Judith Martin United Features

Dear Miss Manners: Unfortunately, average American citizens have turned into vigilantes when it comes to handicapped parking spaces, feeling like they have the right to verbally accost others. Please remind them to shut up and mind their own business.

I am legally handicapped due to a non-observable medical problem. The state of California and my medical providers decided that I am entitled to a handicapped placard, which allows me to use handicapped parking spaces. The specifics of my medical problem aren’t anyone’s business but my medical providers’, the state of California’s and my own.

I have been shocked by fellow citizens who verbally assault me with questions about my medical problem and who challenge my right to park in handicapped parking spaces. The only people who should question me about these matters are police officers and, if I’m parking in metered places, a meter-person. All others are out of line.

My mother taught me to respect people’s privacy and not ask others about their medical problems. It’s too bad other mothers didn’t do the same.

It would be wonderful if you would remind Americans that if they feel that someone should not be issued a handicapped placard and/or should not be in a handicapped parking space, they are welcome to call the police.

Gentle reader: Ah, yes. Miss Manners is familiar with those who explain that the reason they are rude is that they are sensitive. It sometimes strikes her that the more sensitive people get about the feelings of others, the more unpleasant the society becomes.

She is most willing to remind them that vigilante attacks are often misinformed and always rude. As you point out, they can report any suspected violations to the proper authorities.

But you must allow her to throw in the admonition that another contribution to unpleasant society is the idea that you can be rude because you were treated rudely. Miss Manners trusts that your outburst about shutting up and minding their own business was not the way you phrased your response to their provocation.

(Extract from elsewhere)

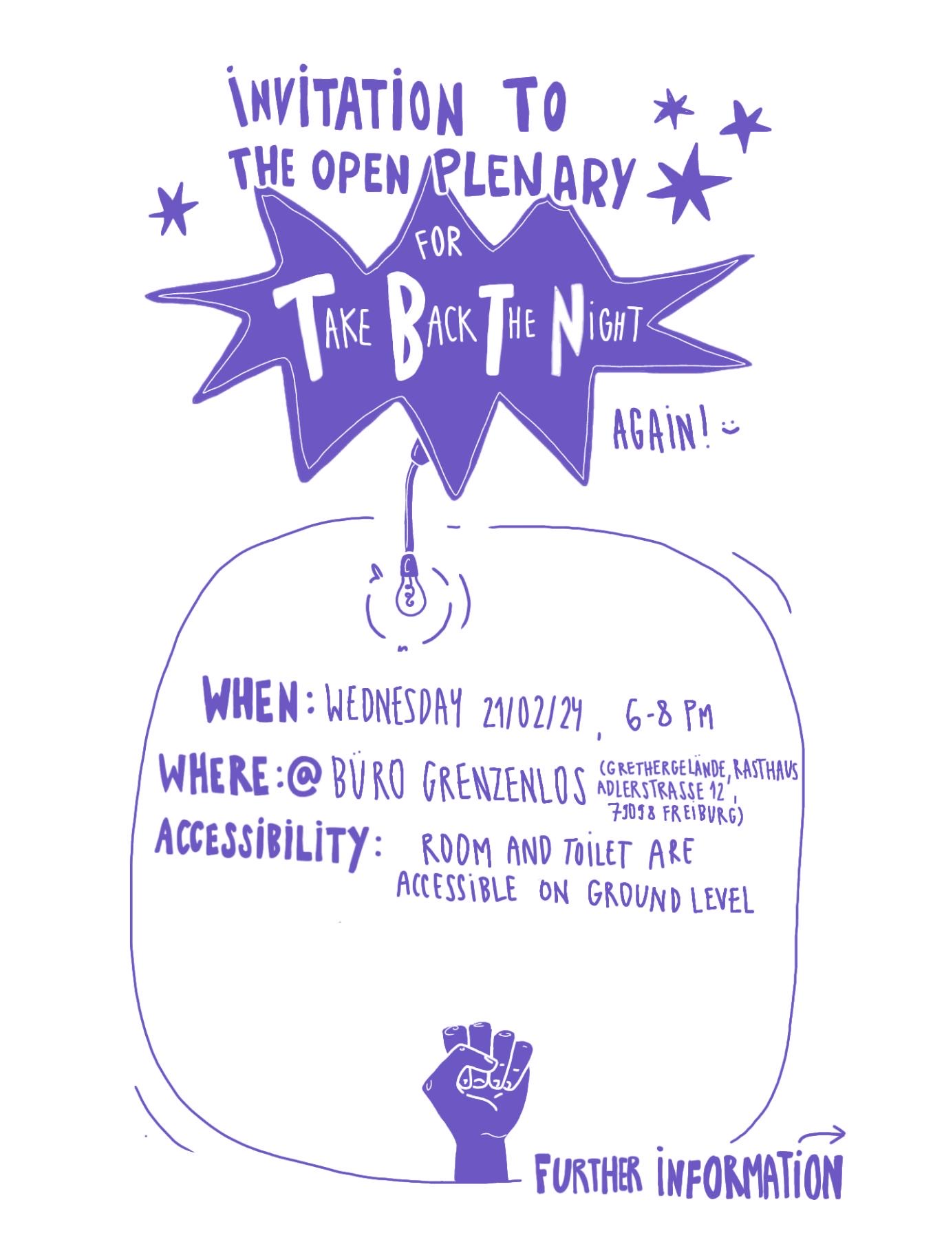 We would like to invite you to our open planning meeting (plenary) for the night of 30 April to 1 May (Take Back The Night). Since the 70s, this night has been a night that stands for reclaiming the streets and the darkness in feminist contexts. With Take Back The Night, we want to take back spaces in which we often cannot feel safe and free. At the moment, it is still unclear what exactly this will look like this year. We are therefore looking for people who would like to organise this night together, learn together, empower each other and take back our space. This year, we want to open up the organisation to all people who cannot move around safely in all places. Be it at night on the streets, in the park, but also during the day on buses and trains, in contact with public authorities and other state institutions, as well as in private contexts in partnerships, residential facilities and families. Our open plenary will take place on Thursday, 21/02/2024 at 6.00 AM. The location is at Grenzenlos on the Grethergelände. It is locates right across from Saga (Adlerstraße 12). The plenary room and toilet are accessible for wheelchair users. If you don’t have time on this date, but would like to come, please send us an email to tbtn.fr@systemli.org. The plenary session will be held in German. English whispered translations are possible. If you need anything to be able to come to the plenary (accompaniment to the plenary, ...) or have other topics and questions, please contact tbtn.fr@systemli.org. Feel free to share the call! We are looking forward to seeing you! ?

Dear Miss Manners: I am a great-grandmother of 10 (and one on the way!), but I was placed in a situation I had never encountered when one of my grandsons called to say he was in town with his wife and their two small children and they were hoping to see me. Delighted, I suggested lunch at a very nice restaurant the following day.

When we met, they had a nanny with them for the 1-year-old. This was a complete surprise, as they never had had a nanny before, and I did not expect another adult as my luncheon guest. My grandson explained that the nanny was hired to facilitate the trip.

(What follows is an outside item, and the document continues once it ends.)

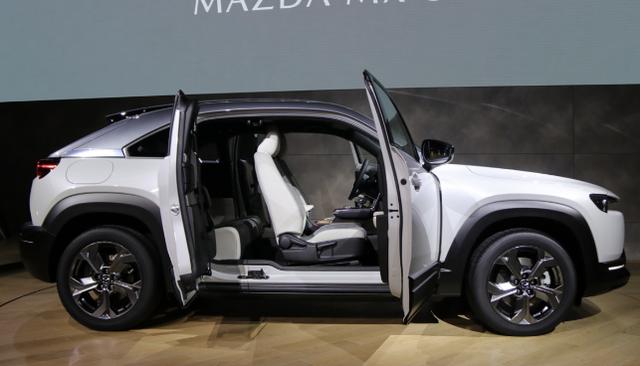 车身尺寸方面,新车的长宽高分别为4395/1795/1570mm,轴距为2655mm。值得一提的是马自达这款纯电SUV还采用了对开车门设计,因此取消了B柱设计,有点在致敬曾经的转子跑车RX-8的感觉。

Am I wrong to consider this presumptuous behavior in bad taste? I resent the belated addition of an extra person and the assumption that the extra expense does not matter. Is it not essential to ask your hostess ahead of time about the addition of a nanny for lunch?

Gentle reader: Yes, but they had two reasons for doing so, both of which relate to you.

First, they were worried that looking after the children in the restaurant would interfere with their concentrating on you. One child or the other would always be asking questions or needing help, and sustained conversation with you would be difficult.

Second, they worried about the possibility of the children’s getting restless or tired. They did not want to subject you to embarrassment if the children started whining or trying to leave the table and wander.

If Miss Manners has succeeded in lessening your huffiness, she will admit that there was a third factor. That is that they, like many other families, cannot quite figure out where the nanny belongs in the family, being neither a servant nor a member. They brought her along because they couldn’t figure out how not to invite her, and unaware of how much she would have enjoyed a day to herself.